** Records to process follows **

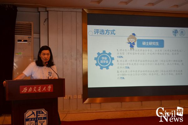 土木学院学生工作负责人车小洁老师简要介绍了土木学院研究生奖助学金概况。
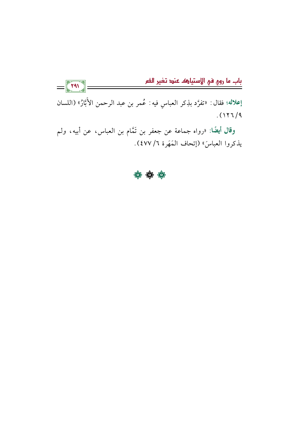 إعلاله؛ فقال: "تفرَّد بذِكر العباسِ فيه: عُمر بن عبد الرحمن الأَبَّارُ" (اللسان ٩/ ١٢٦).
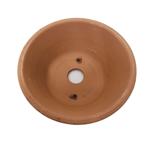 素焼き鉢の浅鉢4.5号です。サイズは外形15.2cm(内径13.3cm)x高さ6.9cmです。常滑の生地を三河で素焼きに焼き上げました。(ダオン鉢の生地です)
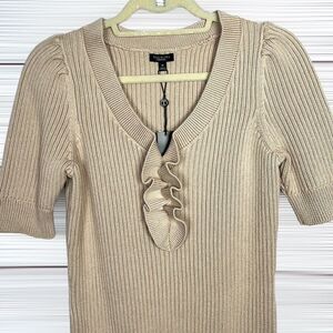 NWT TALBOTS Cotton Tan Sweater Top Rib Knit V-Neck Ruffle Details Short Sleeve M
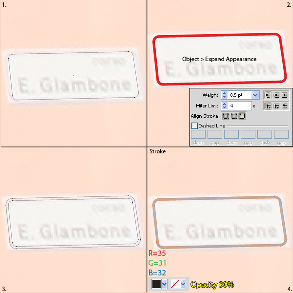 Duplicate "Part2" and fill this duplication with none. Add a 0.5pt Stroke for this shape. Align the stroke to the outside, then select it (from the Appearance pallet) and go to Object > Expand Appearance. Name this newly created shape "Stroke," fill it with R=35, G=31, and B=32, then lower its Opacity to 30%.
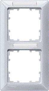 Siemens afdekraam schakelmateriaal, kunststof, aluminium, (bxh) 80x151mm, uitvoering oppervlakte glanzend, montagerichting verticaal, tekstveld/beschrijvingsvlak, 2 eenheden, beschermingsgraad (IP) IP20, 1 eenheden horizontaal, slagvastheid > IK10, RAL-nummer 9006, kwaliteit thermoplast,
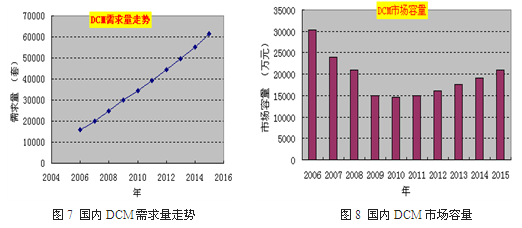 高速大容量光通信系統(tǒng)需求的寬帶色散補(bǔ)償光纖及其器件(DCM)成功商用,實(shí)現(xiàn)C波段的色散和色散斜率的雙功能補(bǔ)償,并且大規(guī)模應(yīng)用在波分復(fù)用(WDM)及OTN光通信系統(tǒng)中,解決了該器件依賴于進(jìn)口的局面。隨著密集波分系統(tǒng)的規(guī)模化建設(shè),國(guó)內(nèi)對(duì)色散補(bǔ)償光纖模塊的需求量迅速增長(zhǎng),預(yù)計(jì)到2015年國(guó)內(nèi)需求將達(dá)到60000套(見(jiàn)圖7),市場(chǎng)容量將達(dá)到2.2億元(圖8)。
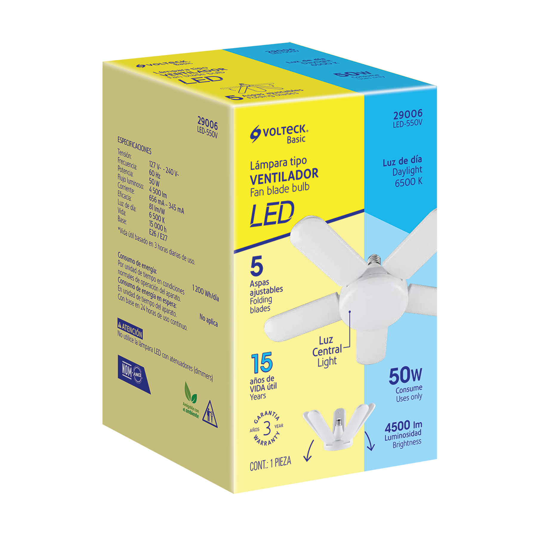 Lámpara LED tipo ventilador 50W, 5 aspas, 6500K, BASIC
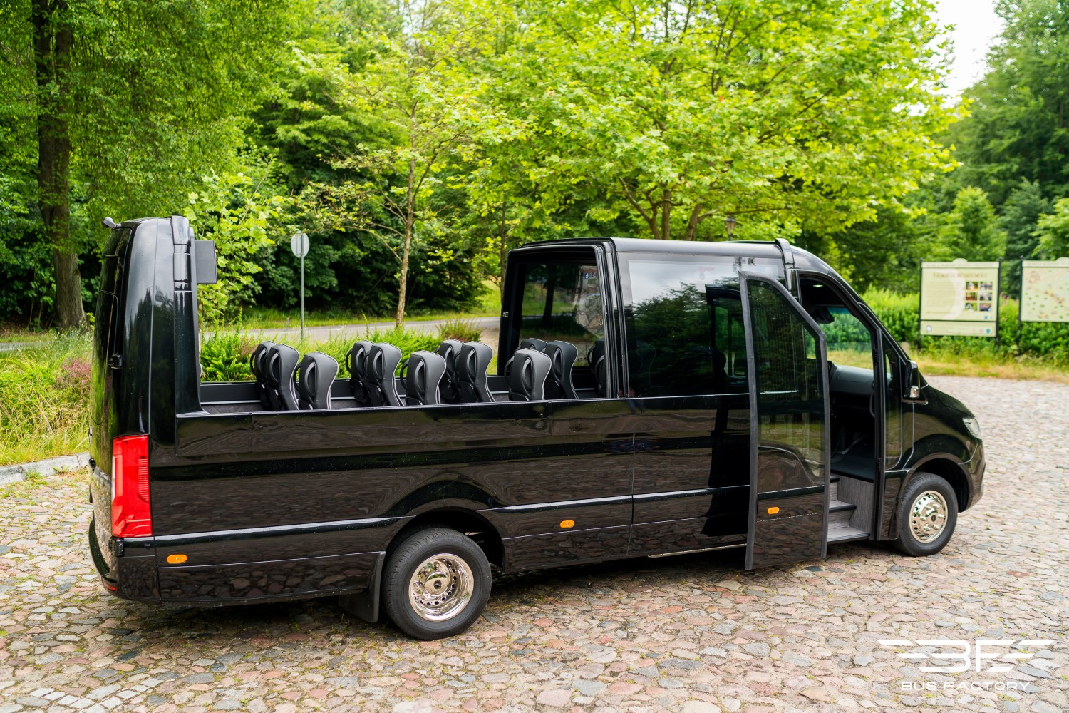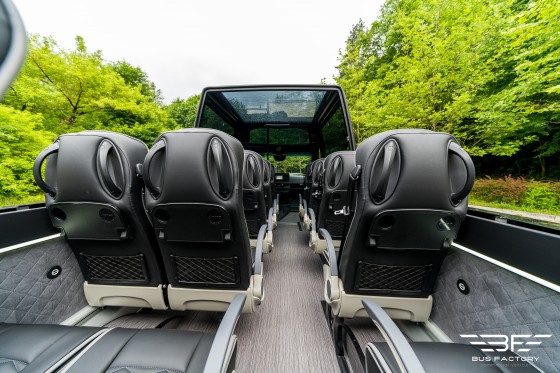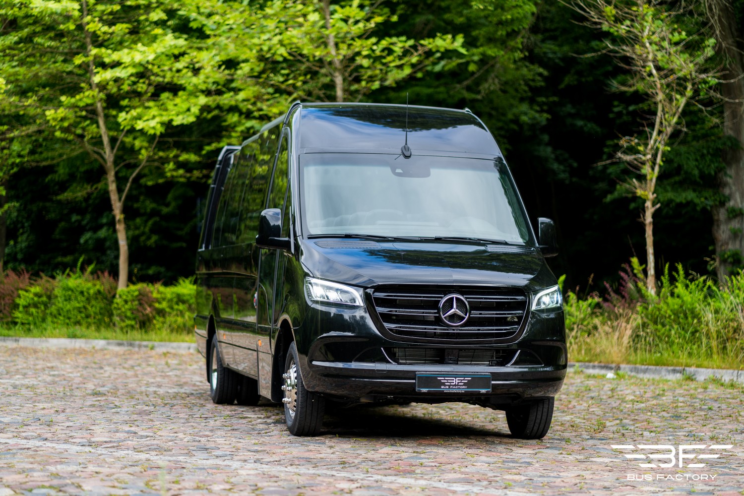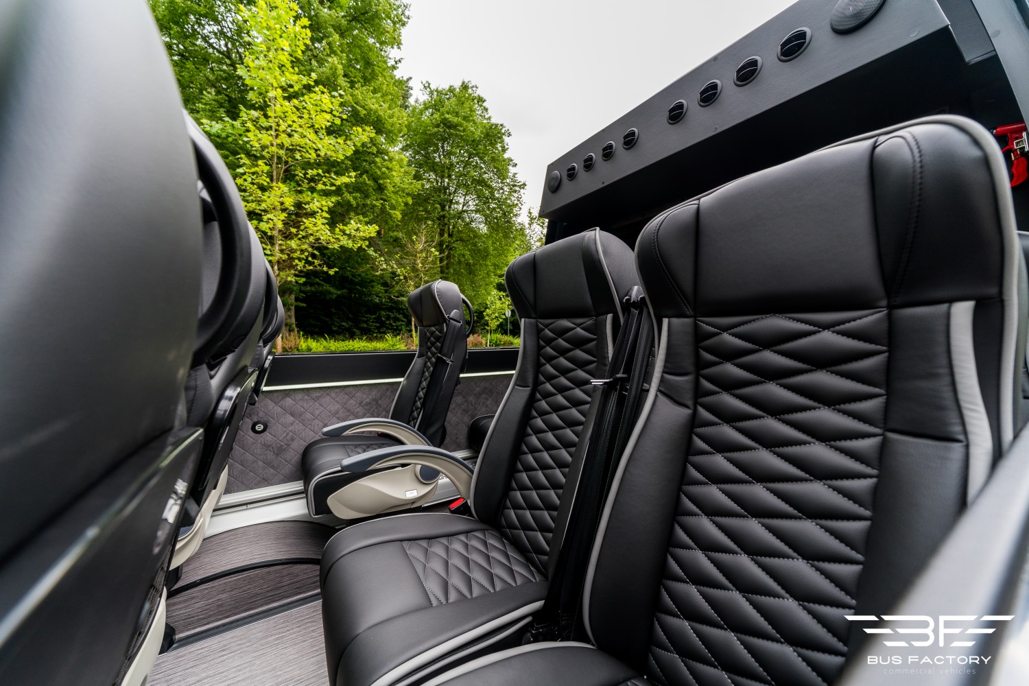 Mercedes-Benz Sprinter 519 w wersji „Cabrio” w układzie siedzeń 19+1. Bogate wyposażenie wnętrza, nowoczesne rozwiązania oraz atestowane systemy gwarantują Państwa Klientom bezpieczną i komfortową podróż.

** End of Records to process **

▸ **Try it**: Exactly reproduce the lines beginning at the one that contains "高速大容量光通信系統(tǒn" and ending at the final line of the material, with the pictures left out.

▸ **Task result**:
 高速大容量光通信系統(tǒng)需求的寬帶色散補(bǔ)償光纖及其器件(DCM)成功商用,實(shí)現(xiàn)C波段的色散和色散斜率的雙功能補(bǔ)償,并且大規(guī)模應(yīng)用在波分復(fù)用(WDM)及OTN光通信系統(tǒng)中,解決了該器件依賴于進(jìn)口的局面。隨著密集波分系統(tǒng)的規(guī)模化建設(shè),國(guó)內(nèi)對(duì)色散補(bǔ)償光纖模塊的需求量迅速增長(zhǎng),預(yù)計(jì)到2015年國(guó)內(nèi)需求將達(dá)到60000套(見(jiàn)圖7),市場(chǎng)容量將達(dá)到2.2億元(圖8)。
 Lámpara LED tipo ventilador 50W, 5 aspas, 6500K, BASIC
 Mercedes-Benz Sprinter 519 w wersji „Cabrio” w układzie siedzeń 19+1. Bogate wyposażenie wnętrza, nowoczesne rozwiązania oraz atestowane systemy gwarantują Państwa Klientom bezpieczną i komfortową podróż.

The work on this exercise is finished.